Chapter 3 introduces, firstly, aggregate patent-based indicators to measure the globalization of innovation production. Secondly, it describes the patterns in international technology production for a large panel dataset covering 21 industries in 29 countries from 1980 to 2005. A strong growth in the intensity of globalization of innovation is confirmed not only in terms of cross-border ownership of innovation, but also in terms of international technological collaborations. More interestingly, heterogeneity across countries and industries is observed. On the one hand, more innovative countries (or industries) do not present more globalized innovation footprint. On the other hand, the ownership of innovation is still strongly concentrated in a few countries, although its location is increasingly dispersed across the world. Thirdly, it investigates empirically two main opposing motives driving the internationalization of innovation: home-base augmenting and home-base exploiting strategies. The results show that the degree of internationalization of innovation is negatively related to the revealed technological advantage of countries across industries. Countries tend to be more technologically globalized in industrial sectors in which they are less technologically specialized. The empirical findings suggest also that countries with multidisciplinary technological knowledge are more likely to take part in international co-inventions of new technologies and to be attractive for foreign innovative firms. This aggregated patent-based analysis provides additional evidence that globalization of innovation is a means of acquiring competences abroad that are lacking at home, suggesting that home-base augmenting motives matter in the globalization of innovation production. By contrast, the internationalization of innovation does not seem to be purely market-driven since large economies are not the target of foreign innovative firms and international patenting is more related to international competitiveness of country-industry pairs than to the direction of trade flows.

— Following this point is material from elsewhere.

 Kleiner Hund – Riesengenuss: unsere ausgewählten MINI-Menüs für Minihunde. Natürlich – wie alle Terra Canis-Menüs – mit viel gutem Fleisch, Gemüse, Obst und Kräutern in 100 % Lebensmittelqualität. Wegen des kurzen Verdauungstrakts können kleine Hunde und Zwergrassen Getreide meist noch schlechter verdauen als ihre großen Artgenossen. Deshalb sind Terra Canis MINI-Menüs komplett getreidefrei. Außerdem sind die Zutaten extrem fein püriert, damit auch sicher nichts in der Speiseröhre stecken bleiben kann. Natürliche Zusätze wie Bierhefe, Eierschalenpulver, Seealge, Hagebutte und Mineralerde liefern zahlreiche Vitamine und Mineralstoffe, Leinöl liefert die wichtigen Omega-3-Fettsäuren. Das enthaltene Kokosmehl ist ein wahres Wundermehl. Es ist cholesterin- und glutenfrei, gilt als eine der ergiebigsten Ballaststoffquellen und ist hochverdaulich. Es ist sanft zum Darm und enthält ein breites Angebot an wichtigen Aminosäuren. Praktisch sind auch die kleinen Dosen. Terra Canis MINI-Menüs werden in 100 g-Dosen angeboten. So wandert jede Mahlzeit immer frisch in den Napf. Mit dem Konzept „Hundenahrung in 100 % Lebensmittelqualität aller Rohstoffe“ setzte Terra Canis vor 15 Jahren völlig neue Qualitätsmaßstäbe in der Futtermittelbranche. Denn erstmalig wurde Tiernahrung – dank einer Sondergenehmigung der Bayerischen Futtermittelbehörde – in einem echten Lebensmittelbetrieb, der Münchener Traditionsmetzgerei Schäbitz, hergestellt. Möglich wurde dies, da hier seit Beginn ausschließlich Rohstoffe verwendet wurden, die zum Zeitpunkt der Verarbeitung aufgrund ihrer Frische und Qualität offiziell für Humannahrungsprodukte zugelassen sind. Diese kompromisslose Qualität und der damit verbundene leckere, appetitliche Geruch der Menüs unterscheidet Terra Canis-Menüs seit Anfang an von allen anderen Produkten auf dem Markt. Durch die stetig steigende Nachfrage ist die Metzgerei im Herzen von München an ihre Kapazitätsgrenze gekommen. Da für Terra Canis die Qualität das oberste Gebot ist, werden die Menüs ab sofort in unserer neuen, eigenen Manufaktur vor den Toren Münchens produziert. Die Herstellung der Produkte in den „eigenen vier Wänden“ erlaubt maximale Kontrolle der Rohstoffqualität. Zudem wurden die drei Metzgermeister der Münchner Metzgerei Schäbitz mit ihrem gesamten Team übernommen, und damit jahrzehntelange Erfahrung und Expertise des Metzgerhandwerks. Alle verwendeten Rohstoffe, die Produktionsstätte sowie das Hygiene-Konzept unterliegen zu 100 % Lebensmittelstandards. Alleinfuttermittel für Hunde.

While the previous chapter studies the globalization of innovation of a country with the rest of world, Chapter 4 aims at explaining who collaborates with whom in the international production of technology. In particular, the impact of technological distance between partner’s economies is investigated for a panel dataset covering international co-inventions between 29 countries in 21 industries between 1988 and 2005. The descriptive analysis highlights that the overall growth in internationalization of innovation is due to both the increase in the number of international innovative actors and the rise of the average intensity of collaboration. The empirical findings then suggest that the two main arguments related to technological distance – ‘similarity versus diversity’ – can be reconciled by taking an industry approach. Indeed, the estimation results show that the impact of technological distance is twofold on the intensity of collaborative innovation at industry level. On the one hand, the more similar the industry-specific knowledge of two countries (low technological distance within the industry), the more easily they collaborate by sharing common industrial knowledge. On the other hand, the more different their non-industry-specific knowledge (high technological distance outside the scope of the industry), the more they collaborate to gain access to broad and interdisciplinary expertise. It suggests that the relative absorptive capacity between partner’s economies and the search for novel and complementary knowledge are key drivers of the globalization of innovation. Moreover, the results confirm the moderating effect of non-technological distance factors (spatial proximity, ease of communication, institutional proximity, and overall economic ties) in cross-border innovative relationships.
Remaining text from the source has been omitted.